現在まで、合計52人の検体において、YFが陽性であることが確認されています。

 52人の感染確定例が、5つの州から報告されています。:コンゴ中央州(36人)、キンシャサ特別州
(11人)、クワンゴ州(3人)、低ウエレ州(1人)、ツアパ州(1人)。低ウエレ州とツアパ州からの2人は森林型で、アンゴラのアウトブレイクとの関連性はないと考えられます。52人の感染確定例のうち2人は、
現地感染例として分類されており、それぞれキンシャサ特別州とコンゴ中央州から報告されています。残りの46人の感染確定例はアンゴラからの輸入例に分類され、コンゴ中央州(34人)、キンシャサ特別州(9人)、
クワンゴ州(3人)で発見されています。

公衆衛生上の取り組み
 アウトブレイクへの対策として、国家調整委員会が立ち上げられました。これには「アウトブレイク対策
としてのワクチン接種」、「サーベイランスと検査」、「媒介蚊対策」、「社会動員」、「症例管理」の
5つの小委員会が含まれる予定です。

 YF感染疑い例に関して、連日引き続き調査が行われています。5月12日、ダカールのIPの支援を受けてDRC政府当局は、感染者の確認を促進するために、モバイルラボを同国内に設置しました。5月26日、
アウトブレイク対策としてのワクチン接種キャンペーンが、コンゴ中央州の9つの健康管理区域と
キンシャサ特別州の2つの健康管理区域の1,983,597人を対象として開始されました。ワクチン供給の
国際調整グループ(ICG)は、DRCに対するワクチンの請求を承認し、2,200,000回分のワクチンと
キャンペーンの運営資金を配布しました。

 WHOは、緊急対策フレームワーク(ERF)に従って、今回のアウトブレイクをグレード2の緊急事態に分類しました。

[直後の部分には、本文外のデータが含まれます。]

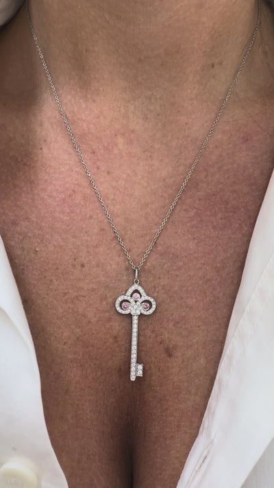 Tiffany & Co. Fleur De Lis Platinum 18K Gold Diamond Key Pendant Necklace
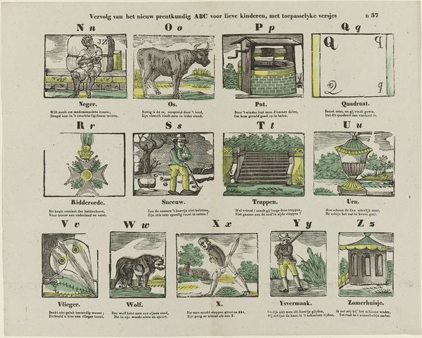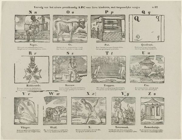 This alphabet print for children was likely made in the 1800s by an artist known only as Monogrammist JZ. Its neat arrangement of images and text provides an insight into how education harnessed visual culture. The layout is structured into a grid. Each letter is paired with an image, reflecting a concern with order and categorization. Notice how the artist’s engraving technique creates varied textures and tonal contrasts. This provides visual interest, inviting closer inspection. However, the images themselves introduce ambiguity. While seemingly straightforward, the selection of subjects – from a monkey ('Aap') to a magician ('Goochelaar') – presents a mix of the familiar and the exotic. This juxtaposition complicates any simple reading of the images as merely illustrative aids. Consider how the print engages with structuralist ideas about language and representation. The alphabet serves as a foundational structure, yet the content undermines fixed meanings. This tension highlights how visual culture participates in shaping understanding, even while questioning its stability.
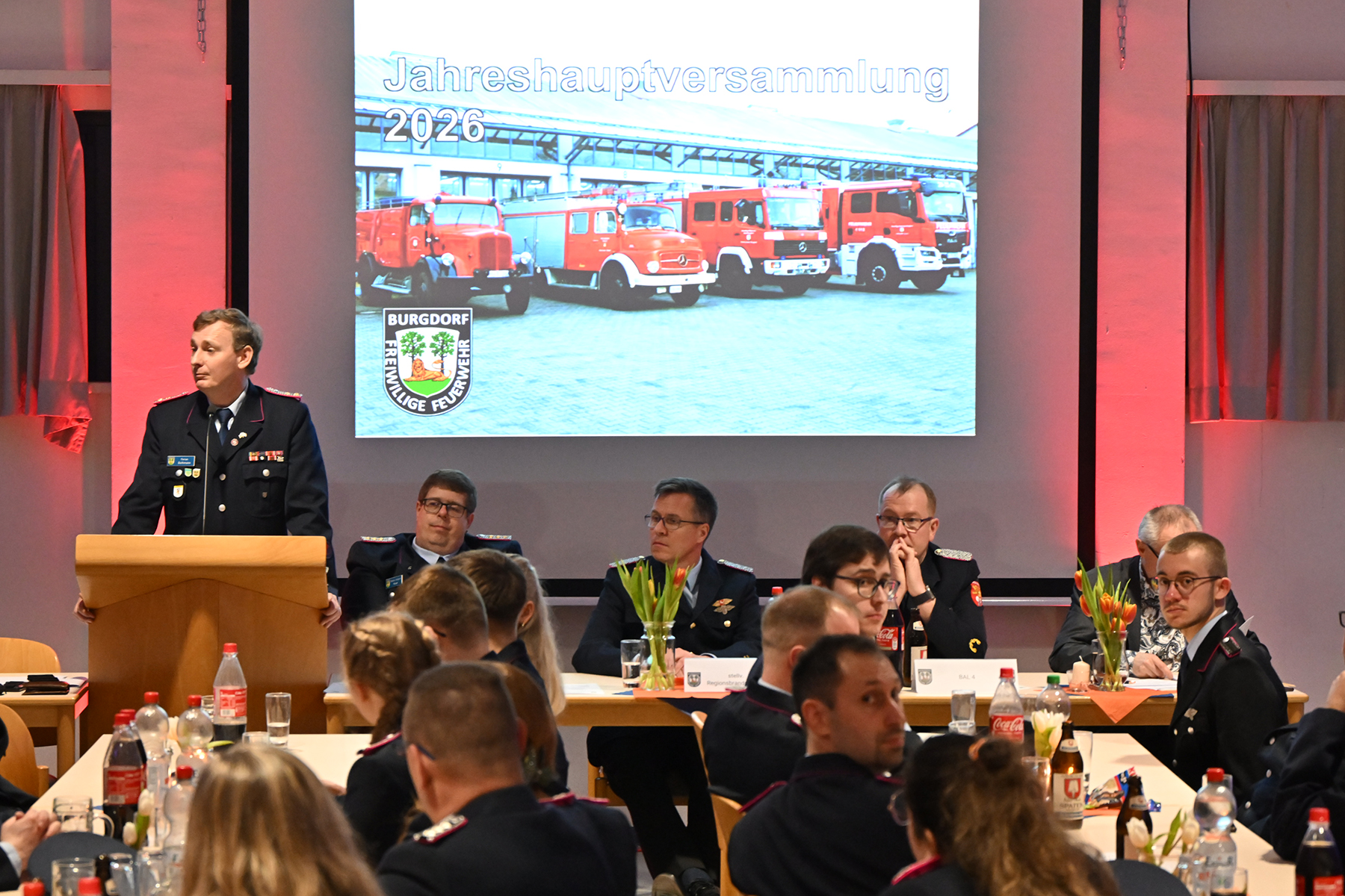 Rund 120 Gäste kamen am gestrigen Sonnabend, 28. Februar 2026, zur Jahreshauptversammlung der Freiwilligen Feuerwehr Burgdorf ins Feuerwehrhaus an der Straße Vor dem Celler Tor. Musikalisch begleitet wurde der Abend vom Musikzug der Freiwilligen Feuerwehren Burgdorf und Hänigsen.
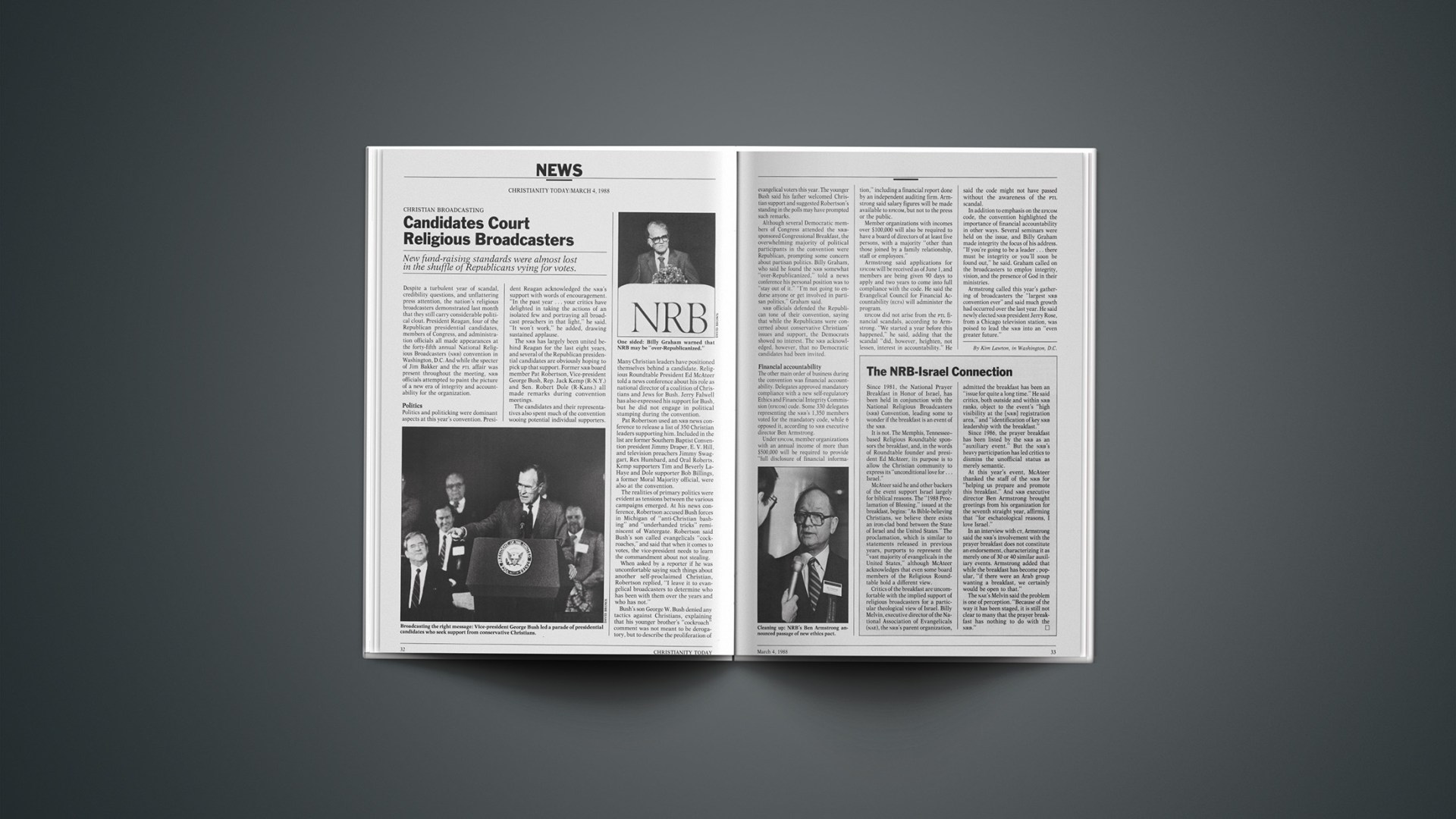 Despite a turbulent year of scandal, credibility questions, and unflattering press attention, the nation’s religious broadcasters demonstrated last month that they still carry considerable political clout. President Reagan, four of the Republican presidential candidates, members of Congress, and administration officials all made appearances at the forty-fifth annual National Religious Broadcasters (NRB) convention in Washington, D.C. And while the specter of Jim Bakker and the PTL affair was present throughout the meeting, NRB officials attempted to paint the picture of a new era of integrity and accountability for the organization.
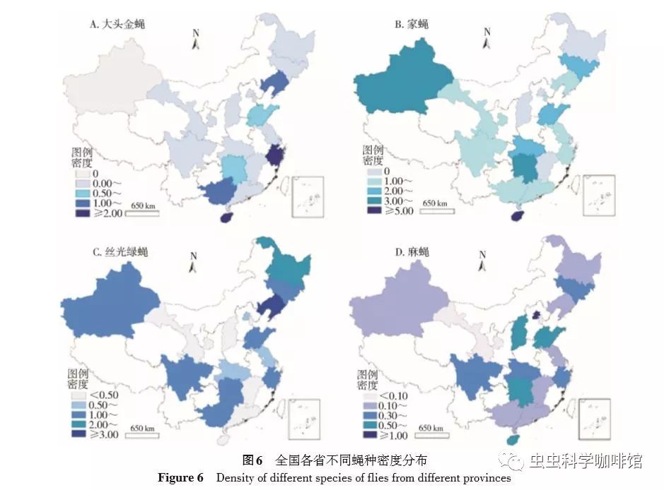 4. 不同省份蝇类密度
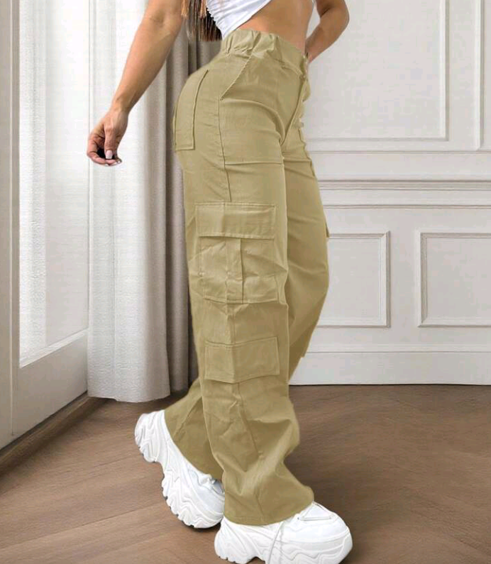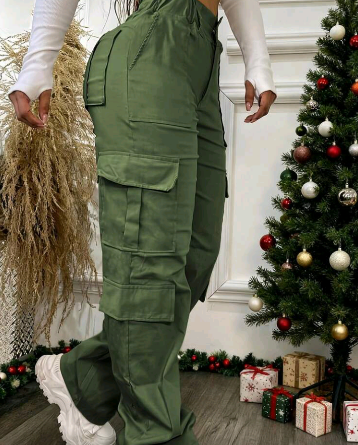 Solid Color Multi-Pocket Button Commuting Simple Y2K Casual Work Pants
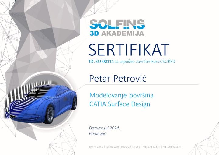 CATIA SURFACE DESIGN - Osnovna obuka za 3D modeliranje površina u CATIA V5 (CSURFD)
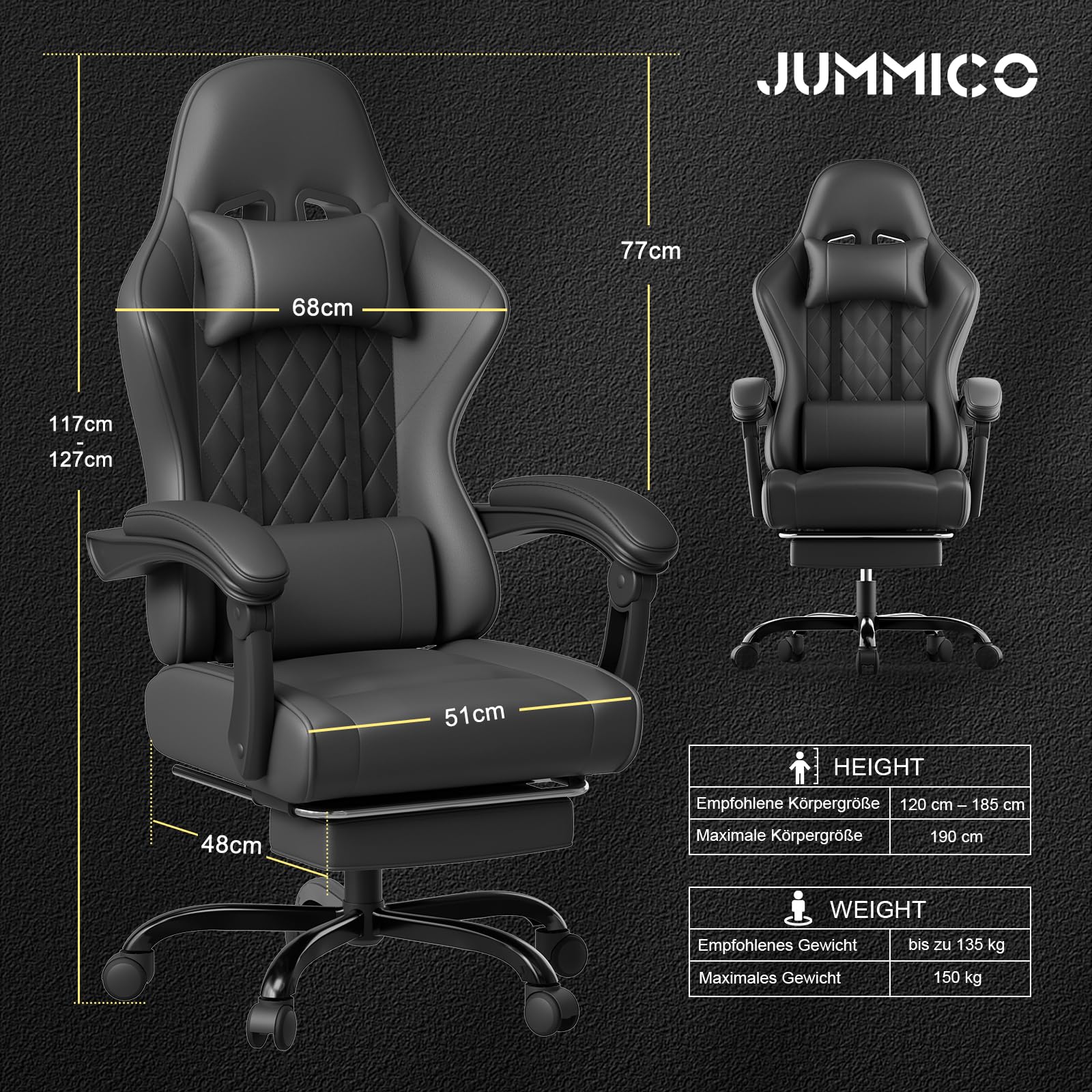 【CONFORT ET CLASSE】 : avec le JUMMICO JETSTREAM, profitez chez vous du confort et du style d'un jet privé. Optimisez votre espace de jeu avec la chaise de jeu ergonomique JUMMICO, dotée d'un support de massage lumbar réglable et d'un pied de support, assurant confort et soutien Grâce à ses nombreuses fonctionnalités de confort, vous pouvez travailler ou jouer pendant de longues heures dans le plus grand confort. Les roulettes ultra-silencieuses vous permettent de jouer et de vous détendre sans être dérangé. Si vous rencontrez des problèmes, veuillez nous rapidement via Amazon, et nous serons ravis de vous aider. Fauteuil Gaming Inclinable Lombaire JUMMICO Chaise Gaming Ergonomique Avec Massage Lombaire Chaise Gaming Ergonomique Massage 【LUXUEUX ET SPACIEUX】 : l'assise du JUMMICO JETSTREAM dispose d'une largeur supplémentaire de 50 cm et offre beaucoup d'espace, même pour les joueurs de grande taille. 【ERGONOMIQUE ET CONFORT】 : Nos sièges informatiques ont été soigneusement conçus selon des critères ergonomiques afin d'offrir un soutien optimal à la nuque, aux épaules, au dos et aux lombaires. 【FACILE À INSTALLER ET EXCELLENT SERVICE APRÈS-VENTE】 : Grâce à sa conception à connexion rapide, le fauteuil gaming est facile à installer et peut être assemblé en 20 minutes. Le JETSREAM peut supporter jusqu'à 150 kg et résiste ainsi même aux sessions turbulentes devant l'ordinateur. Chaise Gaming Ergonomique Style de Course avec Support et Coussin de La fonction massage vous aide à vous détendre et à récupérer votre énergie après une utilisation prolongée de l'ordinateur. Chaise Gaing pour Adulte, Chaise de Bureau Ergonoique avec Dossier...
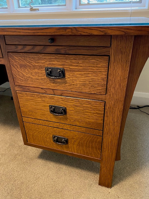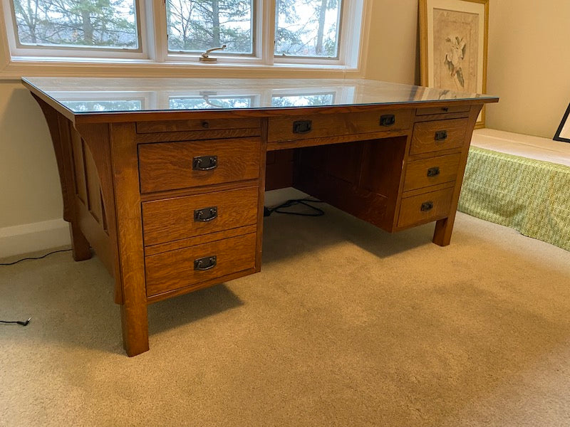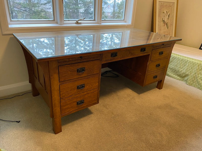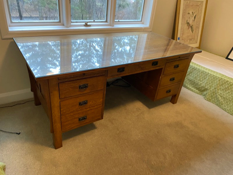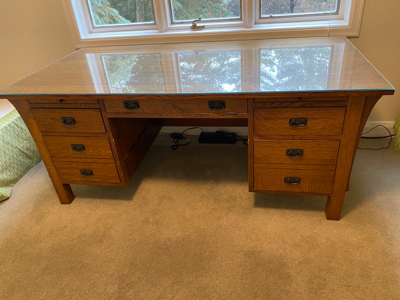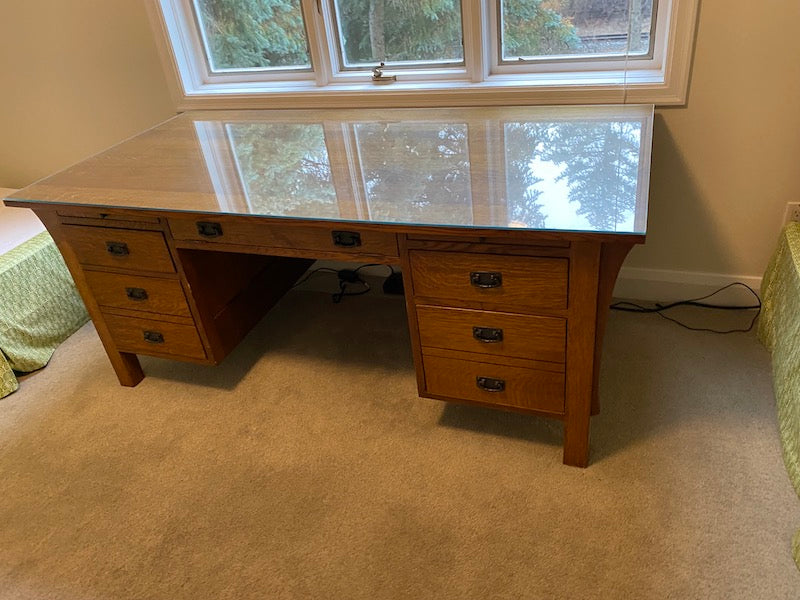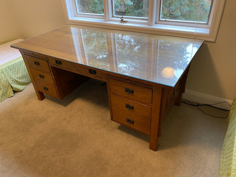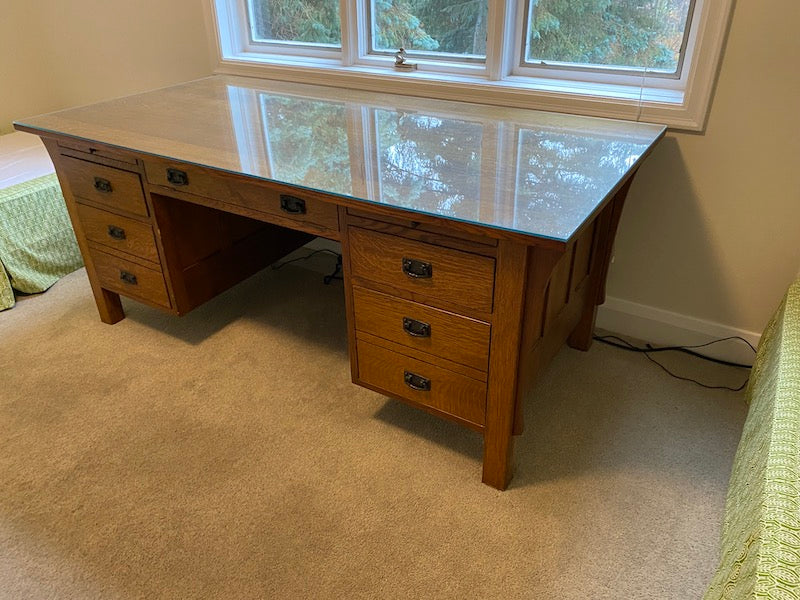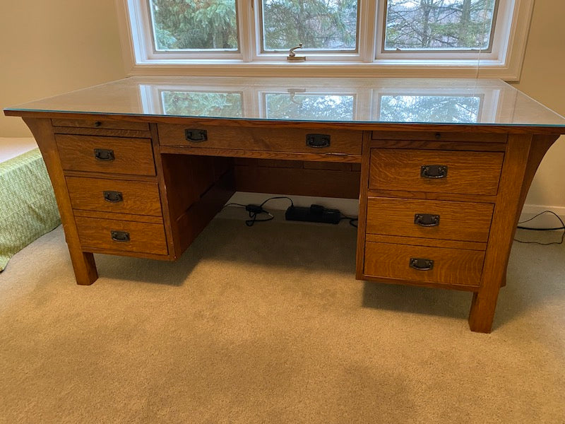 Harvest House, Mission Collection Double Pedestal Executive Desk. There is a protective glass top. This is an authentic Harvest House piece.
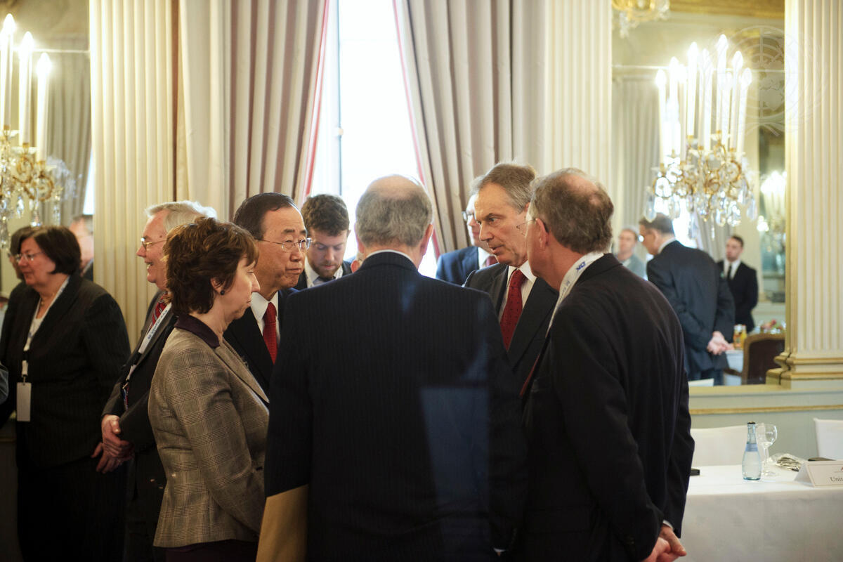 Secretary-General Ban Ki-moon (front, third from left) speaks with fellow members of the Middle East Diplomatic Quartet, including Catherine Ashton (left of Mr. Ban), High Representative of the European Union for Foreign Affairs and Security Policy, and Tony Blair (second from right), Special Envoy of the Quartet, in Munich, Germany. Also pictured is B. Lynn Pascoe (left), Under-Secretary-General for Political Affairs
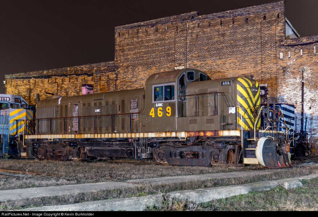 | Originally acquired by the Detroit & Mackinac Railway in November of 1946, the ex-Lake State Railway Alco RS-2 469 is seen outside the Saginaw, Michigan roundhouse of the LSRC in storage for a private owner. This was the last operable RS-2 in the US and was saved from the scrappers torch. It is the only Alco remaining on the property of the LSRC. |
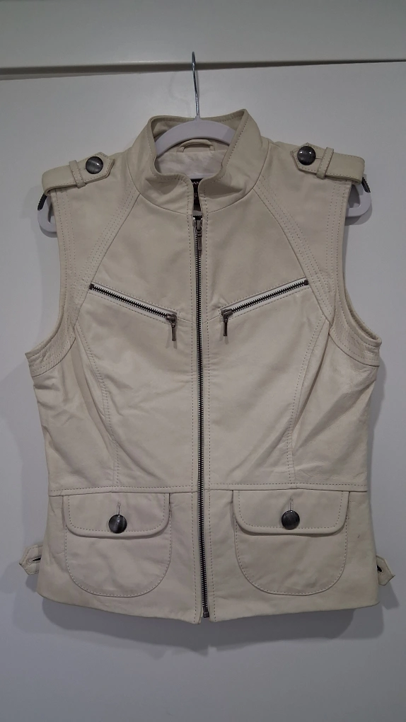 Selling a Danier leather vest in size small. It is a cream colour with a unique wing design on the inside lining. It has a few pockets and a zipper closure. Perfect for layering!

またWHOは政府当局に技術的な支援を行うために、コンゴ中央州とキンシャサ特別州に対して
多くの学問領域にわたる専門家チームを派遣しました。WHO国内事務局は、アウトブレイク対策として
更なる技術的および財政的な資源を動員するための計画を完成させています。

WHOのリスク評価
 DRCは、YF伝染の危険性が判明している地域に位置しています。感染者は定期的に報告されていますが、
人口密度の高い地域におけるYFアウトブレイクは異常事態です。キンシャサ特別州とその他の州において
感染者が確認されたことは、DRCにおける更なるYF拡散の危険性を鮮明にしています。アンゴラからの
継続的なYFの輸入、YFワクチン接種地域の範囲が現状不十分であること、環境因子および媒介蚊が
高密度に存在すること、などから、同国における新たな現地感染例の発生が予想されます。更に、
近隣国においては、DRCとの間に多くの住民の往来があるために感染の拡散の危険性があります。
そのため、更なる感染の拡散を回避するためにDRC政府当局が適切な感染対策とサーベイランス、
特にアウトブレイク対策としてのワクチン接種キャンペーンおよび国境を越えた介入を行うことは
大変重要です。WHOは、利用可能な最新の情報に基づいて、引き続き疫学的な発生状況の監視とリスク評価
を行います。

WHOからのアドバイス
 YFは、旅行の最低10日前に投与されたワクチンによって提供される免疫によって、簡単に
防ぐことができます。WHOは、その加盟国、特に地域の感染サイクルが完成し得る(例えば感染を伝播
しうる媒介蚊が存在している)地域の国々に対して、流行が発生しうる全ての地域への旅行者に対する
ワクチン接種状況の管理を強化するように強く促しています。

 WHOは、このアウトブレイクに関して現在入手可能な情報を踏まえますと、同国に対するいかなる旅行や
貿易の制限をも推奨しません。

【出典】
WHO, Emergencies preparedness, response.